PIMMS stands for Proteomics Imputation Modeling Mass Spectrometry and is a hommage to our dear British friends who are missing as part of the EU for far too long already (Pimms is also a British summer drink).

The pre-print is available on biorxiv.

PIMMS was called vaep during development. Before entire refactoring has to been completed the imported package will be vaep.

We provide functionality as a python package, an excutable workflow and notebooks.

The models can be used with the scikit-learn interface in the spirit of other scikit-learn imputers. You can try this in colab. open in Colab

Python package#

For interactive use of the models provided in PIMMS, you can use our python package pimms-learn. The interface is similar to scikit-learn.

pip install pimms-learn

Then you can use the models on a pandas DataFrame with missing values. Try this in the tutorial on Colab: open in Colab

Notebooks as scripts using papermill#

If you want to run a model on your prepared data, you can run notebooks prefixed with 01_, i.e. project/01_*.ipynb after cloning the repository. Using jupytext also python percentage script versions are saved.

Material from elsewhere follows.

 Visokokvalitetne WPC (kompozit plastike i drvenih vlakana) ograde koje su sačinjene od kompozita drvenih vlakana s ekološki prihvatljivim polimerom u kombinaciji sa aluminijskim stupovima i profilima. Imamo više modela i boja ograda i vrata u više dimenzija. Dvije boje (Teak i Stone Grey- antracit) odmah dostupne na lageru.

cd project # project folder as pwd
papermill 01_0_split_data.ipynb --help-notebook
papermill 01_1_train_vae.ipynb --help-notebook

Mistyped argument names won’t throw an error when using papermill

Setup for PIMMS comparison workflow#

The core funtionality is available as a standalone software on PyPI under the name pimms-learn. However, running the entire snakemake workflow in enabled using conda (or mamba) and pip to setup an analysis environment. For a detailed description of setting up conda (or mamba), see instructions on setting up a virtual environment.

Download the repository

git clone https://github.com/RasmussenLab/pimms.git
cd pimms

Using conda (or mamba), install the dependencies and the package in editable mode

# from main folder of repository (containing environment.yml)
conda env create -n pimms -f environment.yml # slower
mamba env create -n pimms -f environment.yml # faster, less then 5mins

If on Mac M1, M2 or having otherwise issue using your accelerator (e.g. GPUs): Install the pytorch dependencies first, then the rest of the environment:

Install development dependencies#

Check how to install pytorch for your system here.

  • select the version compatible with your cuda version if you have an nvidia gpu or a Mac M-chip.

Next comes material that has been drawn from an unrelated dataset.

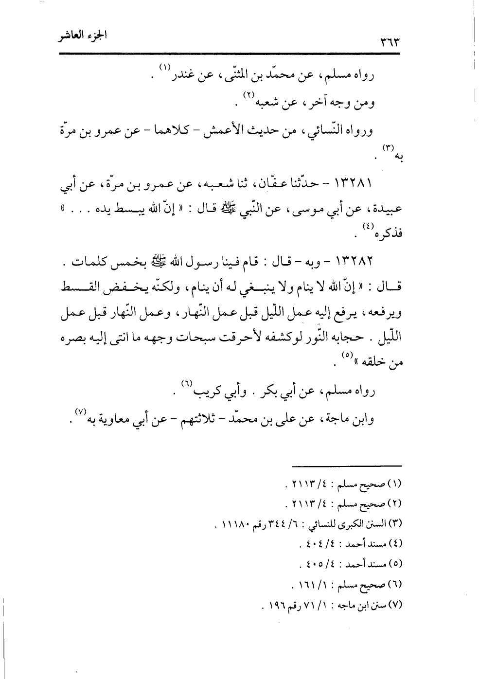 13281 - حدثنا عفان، ثنا شعبة، عن عمرو بن مرة، عن أبي عبيدة، عن أبي موسى، عن النبي - صلى الله عليه وسلم - قال: ((إن الله يبسط يده ... )) (¬1) . فذكره.

conda create -n vaep python=3.8 pip
conda activate vaep
# Follow instructions on https://pytorch.org/get-started
# conda env update -f environment.yml -n vaep # should not install the rest.
pip install pimms-learn
pip install jupyterlab papermill # use run notebook interactively or as a script

cd project
# choose one of the following to test the code
jupyter lab # open 04_1_train_pimms_models.ipynb
papermill 04_1_train_pimms_models.ipynb 04_1_train_pimms_models_test.ipynb # second notebook is output
python 04_1_train_pimms_models.py # just execute the code

Entire development installation#

conda create -n pimms_dev -c pytorch -c nvidia -c fastai -c bioconda -c plotly -c conda-forge --file requirements.txt --file requirements_R.txt --file requirements_dev.txt
pip install -e . # other pip dependencies missing
snakemake --configfile config/single_dev_dataset/example/config.yaml -F -n

or if you want to update an existing environment

conda update  -c defaults -c conda-forge -c fastai -c bioconda -c plotly --file requirements.txt --file requirements_R.txt --file requirements_dev.txt

or using the environment.yml file (can fail on certain systems)

conda env create -f environment.yml

Troubleshooting#

Trouble shoot your R installation by opening jupyter lab

# in projects folder
jupyter lab # open 01_1_train_NAGuideR.ipynb

Run an analysis#

Change to the project folder and see it’s README

Currently there are only notebooks and scripts under project, but shared functionality will be added under vaep folder-package: This can then be imported using import vaep. See vaep/README.md

You can subselect models by editing the config file: config.yaml file.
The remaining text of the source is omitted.